So, the scientist would find C14-to-C12 ratios ranging from: .34 \times 10^$- to - [insert 000$ year calculation here].The method of carbon dating makes use of the fact that all living organisms contain two isotopes of carbon, carbon-12, denoted 12C (a stable isotope), and carbon-14, denoted 14C (a radioactive isotope).The question is a paleontologist discovers remains of animals that appear to have died at the onset of the Holocene ice age, between 1000 years ago.what range of C^14 to C^12 ratio would the scientist expect to find in the animal remains?There are several ways to figure out relative ages, that is, if one thing is older than another.

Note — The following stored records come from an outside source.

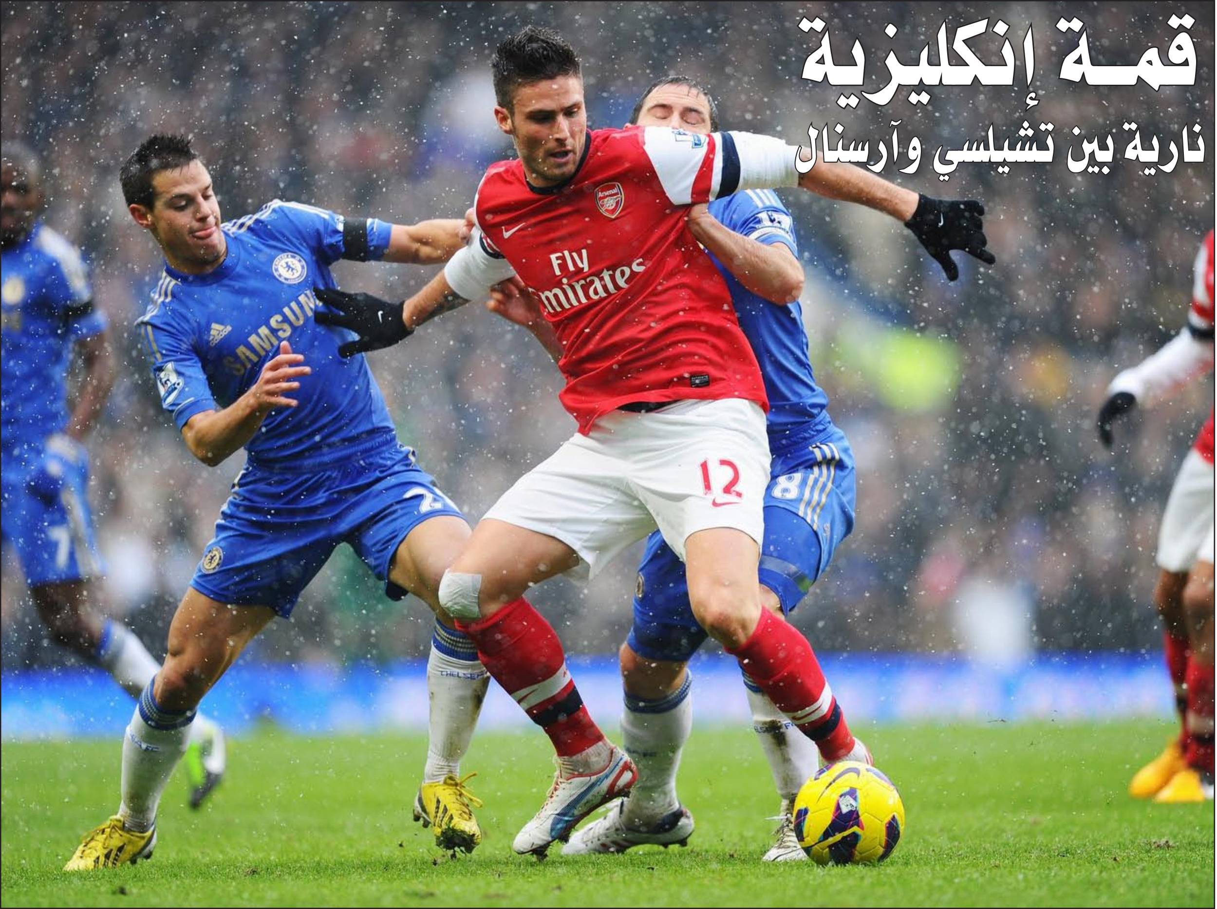
أرسنال يراهن على استعادة أماله في المنافسة بقاء تشيلسي

لغريه جوزيه مورينيو يبتلع كلماته في حلقه اليوم السبت حين يحل فريقه أرسنال ضيفا على غريمه تشيلسي في قمة لندنية ربما يُعيد الفوز بها للمنافسة في الدوري الإنكليزي الممتاز لكرة القدم. ولن يجد المدرب الفرنسي مناسبة للاحتفال بخوض مباراته الألف مع أرسنال أفضل من إنهاء السجل المثالي لمورينيو في ملعب فريقه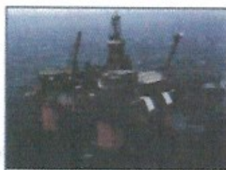
조선 / 해양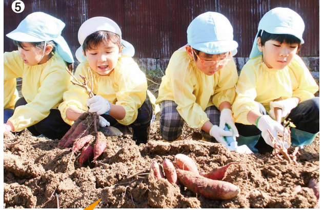
サツマイモの収穫体験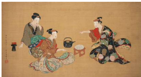
月岡 雪鼎「拳遊び図」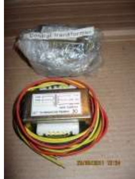
Трансформатор для S50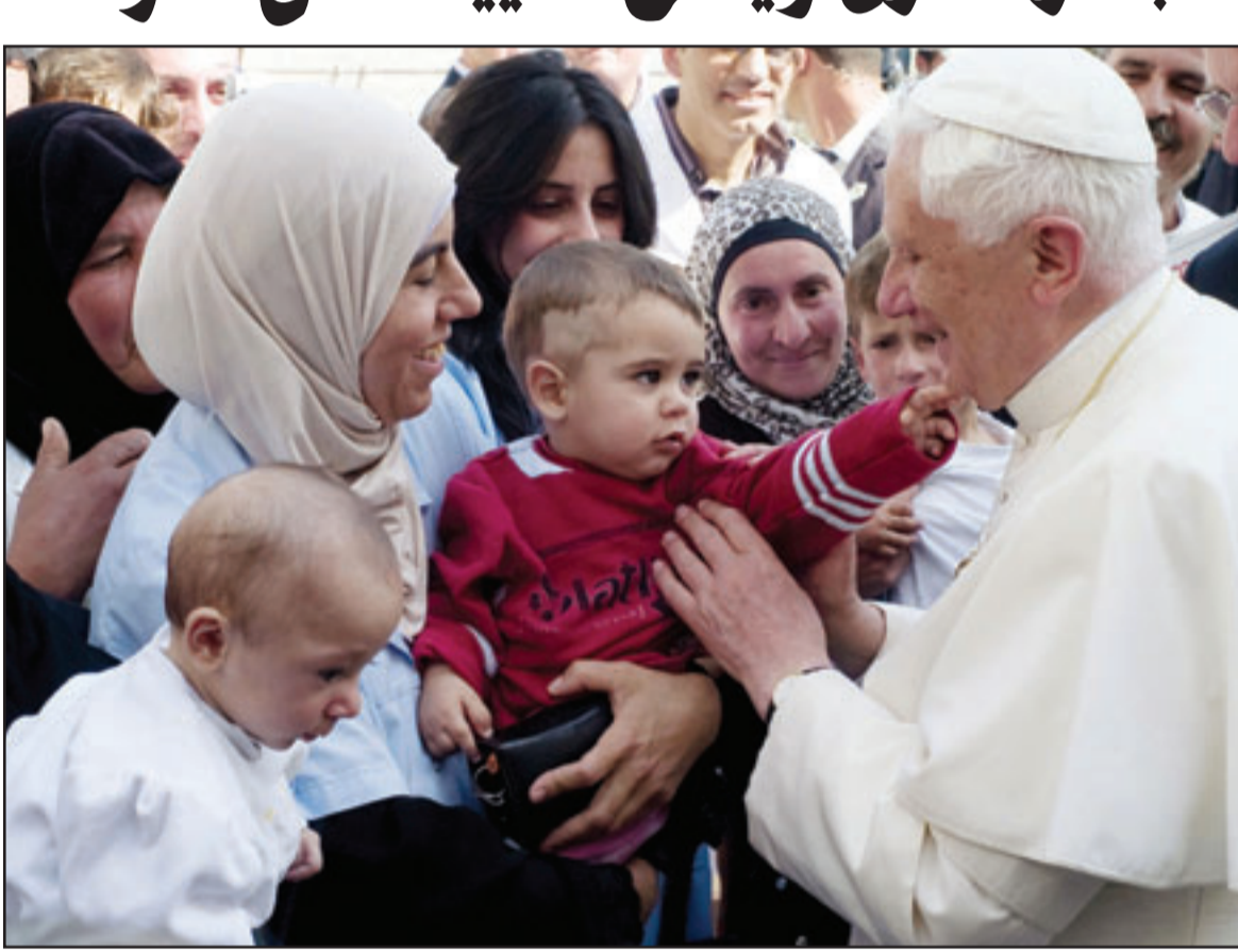
البابا بندكتوس السادس عشر يزور أطفالاً في مستشفى كاريثاس في مدينة بيت لحم امس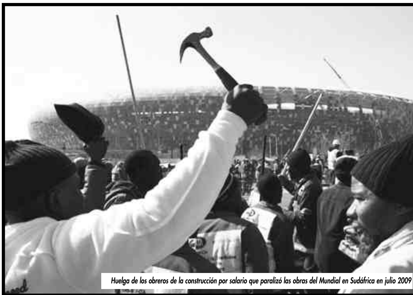
Huelga de los obreros de la construcción por salario que paralizó las obras del Mundial en Sudáfrica en julio 2009

El gobierno del Congreso Nacional Africano y los esclavistas blancos se desenmascaran como continuidad del Apartheid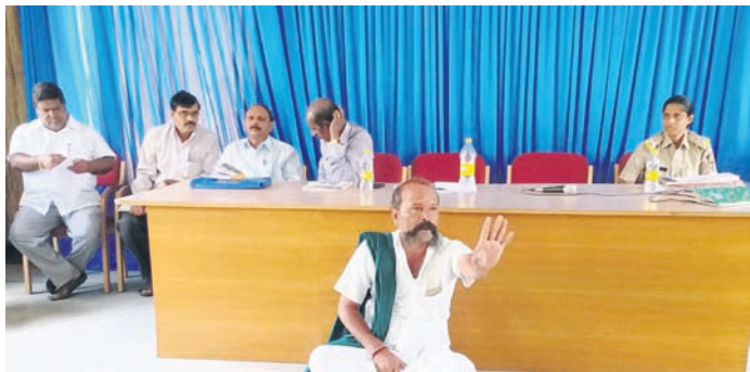
ಜಿಲ್ಲಾಧಿಕಾರಿಗಳ ಕಛೇರಿ ಸಭಾಭವನದಲ್ಲಿ ಜನಸ್ಪಂದನ ಸಭೆಯ ವೇದಿಕೆ ಎದುರು ಧರಣಿ ನಡೆಸಿದ ಘಟನೆ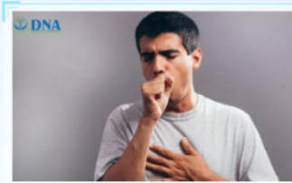
Những Căn Bệnh Ung Thư Đáng Sợ Ở Nam Giới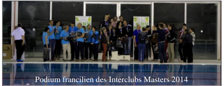
Podium francilien des Interclubs Masters 2014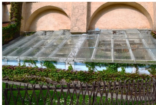
Příloha č.: ve Vojanových sadech se rovněž nachází skleník s exotickými rostlinami. Je ovšem trochu skromnějšího rázu.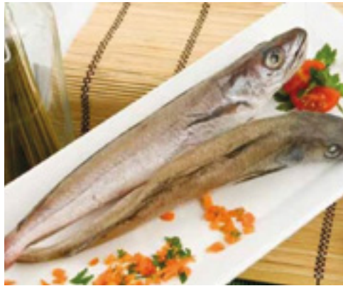
902136 · 6 Kg Pescadilla con Cabeza

If possible, the ink should be tested, since a recent forgery would use recently-made ink.

Im not really sure how to go about solving this problem, any help would be apprecaited.

The exponential decay formula is given by: $$m(t) = m_0 e^$$ where $\displaystyle r = \frac$, $h$ = half-life of Carbon-14 = 30$years,$m_0\$ is of the initial mass of the radioactive substance.

How am I supposed to figure out what the decay constant is?

I can do this by working from the definition of "half-life": in the given amount of time (in this case, hours.

Above is a graph that illustrates the relationship between how much Carbon 14 is left in a sample and how old it is.